All honour to England who outplayed the pathetic Kiwis in every phase. But what a biased crowd! I've never heard anything like them - watching the game on TV, in Norway. From before the kickoff they demonstrated not even a hint of sportsmanship, wanting to spectate a would-be exciting match, and were out for Kiwi blood. Besides, the commentators Hemming and Carney were immensely partisan, attempting pitifully to praise a Kiwi movement with the annoying 'To be fair ...' Yet they were anything but 'fair'. And for half the game they forgot which player had the ball and were drooled on about past feats and games.
Posted 10:18 13th November 2011
Andy Cartwright says...
Bring on the Ozzies, come on England!!! In with a real chance. I think Chase that he really wants to play for England, well in Rangi and well in the rest of the team. Brilliant tonight!

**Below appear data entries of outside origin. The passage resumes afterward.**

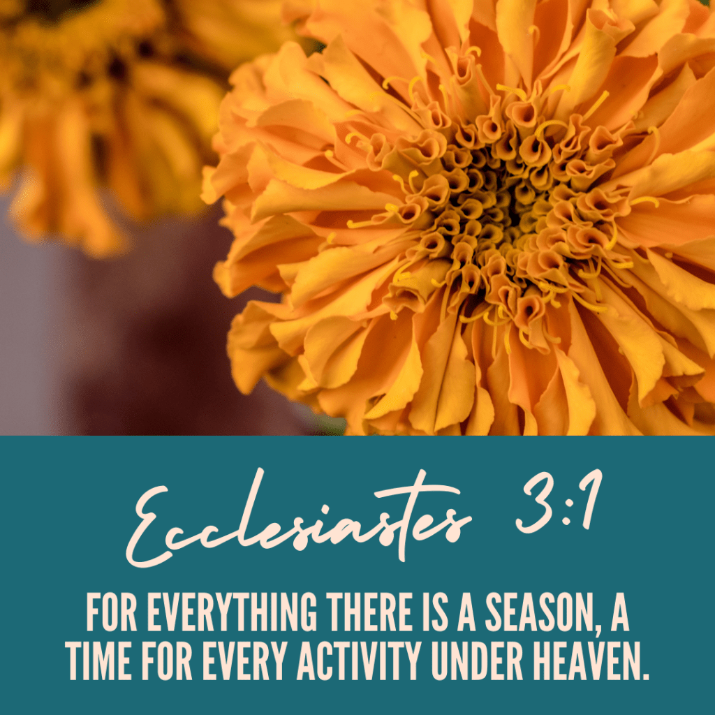 For everything there is a season, a time for every activity under heaven. Ecclesiastes 3:1
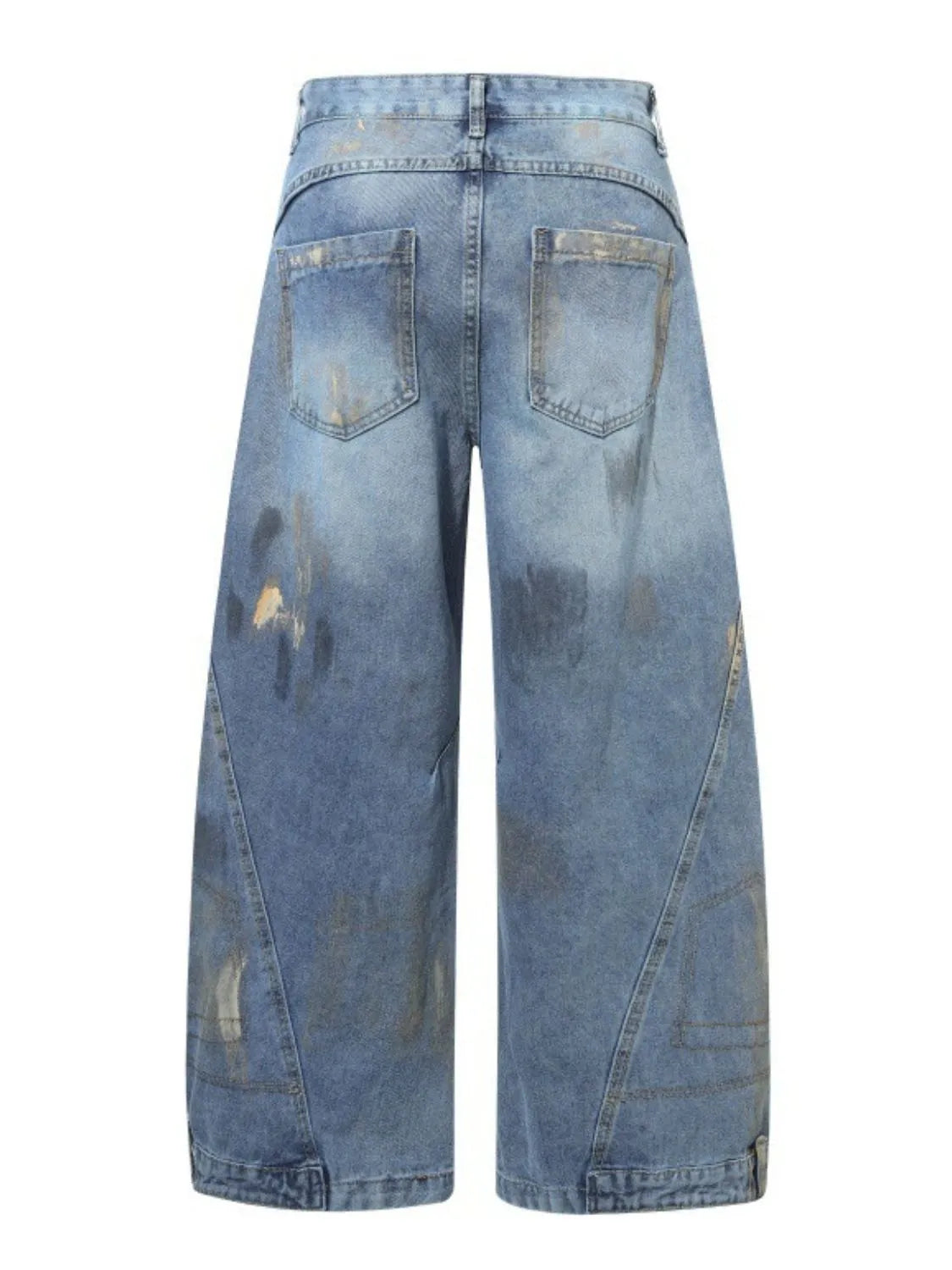 Men Plus Size Wide Leg Jeans Distressed Washed Loose Fit Denim Pants Durable Casual Everyday Versatile Comfortable Wear
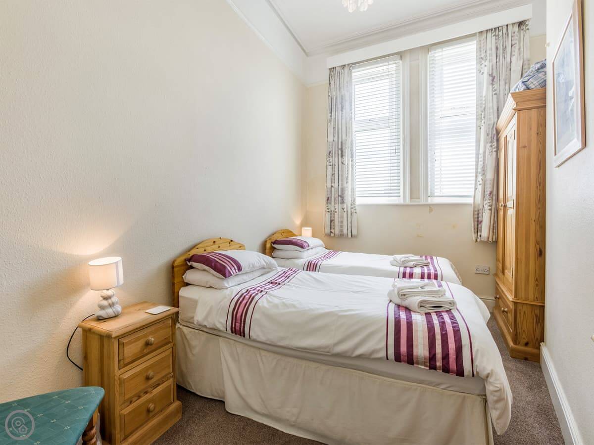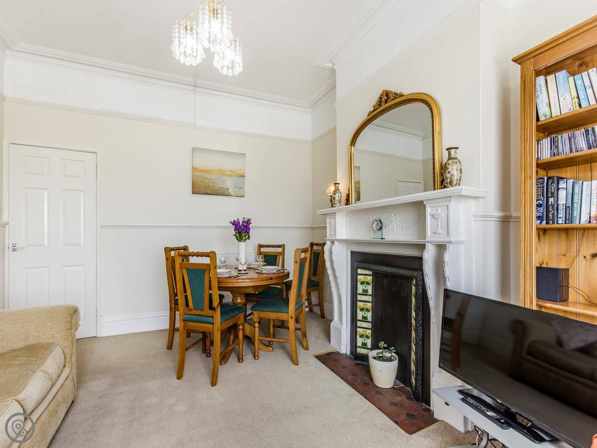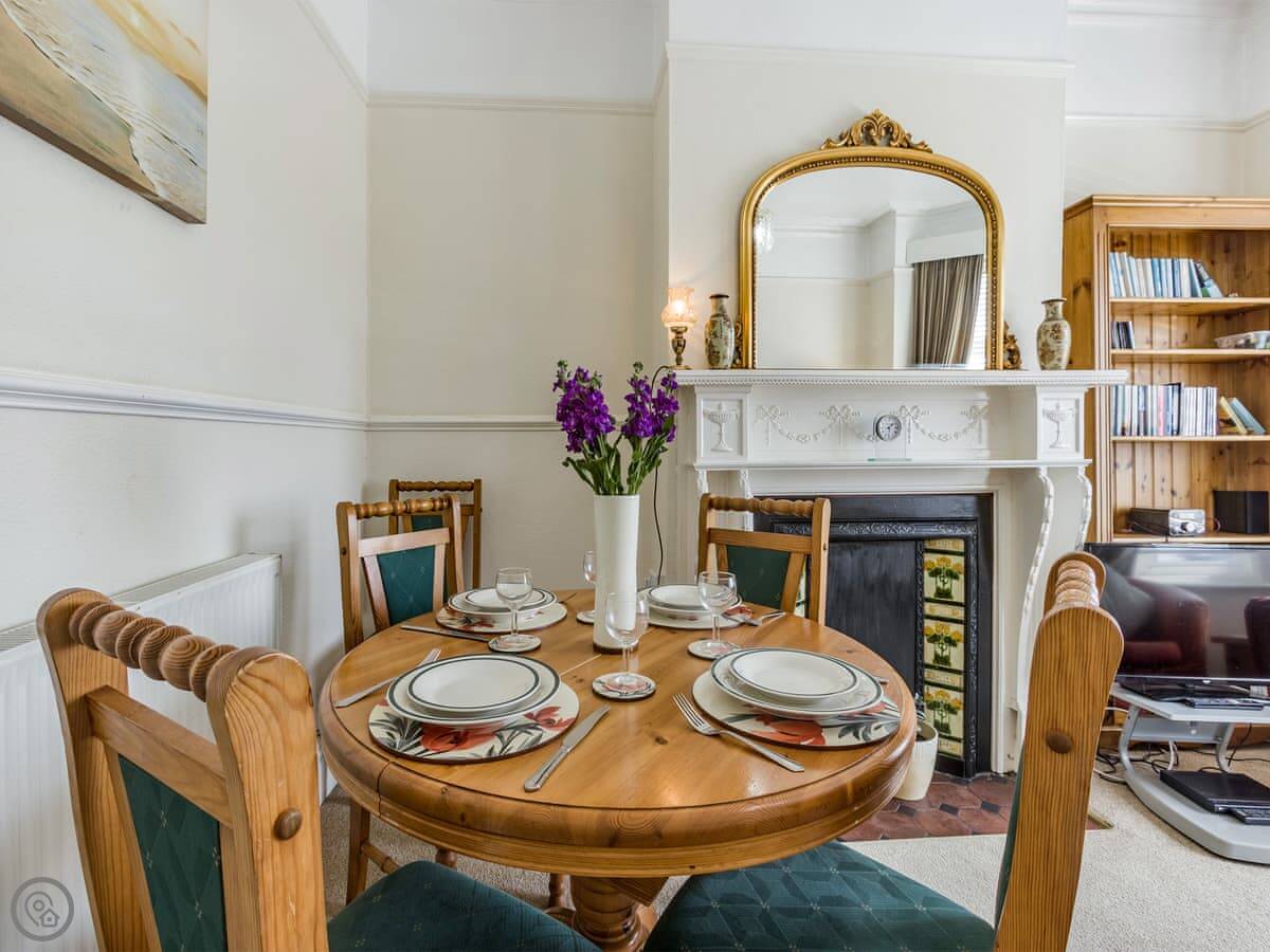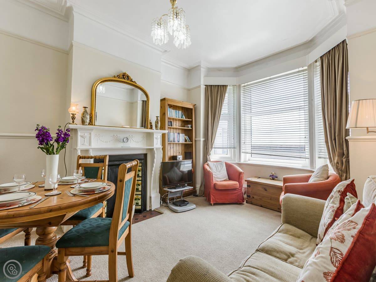 Seascape is a ground floor apartment in Exmouth. It's about a hundred yards from the beach. You can see the sea from the front windows.

Posted 21:41 12th November 2011
David Mckeown says...
Sterling and dominant display .The pack was immense and the defence much improved. Still though I don't think the halves look quite right. To have so much ball and territory and struggle so long to score points is something that shouldnt be glossed over . I'm genuinely shocked Widdop is playing such a bit part . The guy is a Storm superstar!! Surely he should be at 6 , Sinfield doing his thing at 13. That gives us more attacking options and creativity.As it is we sometimes looked a bit disjointed in the first hour near the line and lacking in zip.Id love to see Widdop , Chase and Tomkins as our main offensive weapons with Sinfield more an organiser. Still we're in the Final! A few tinkerings and who knows?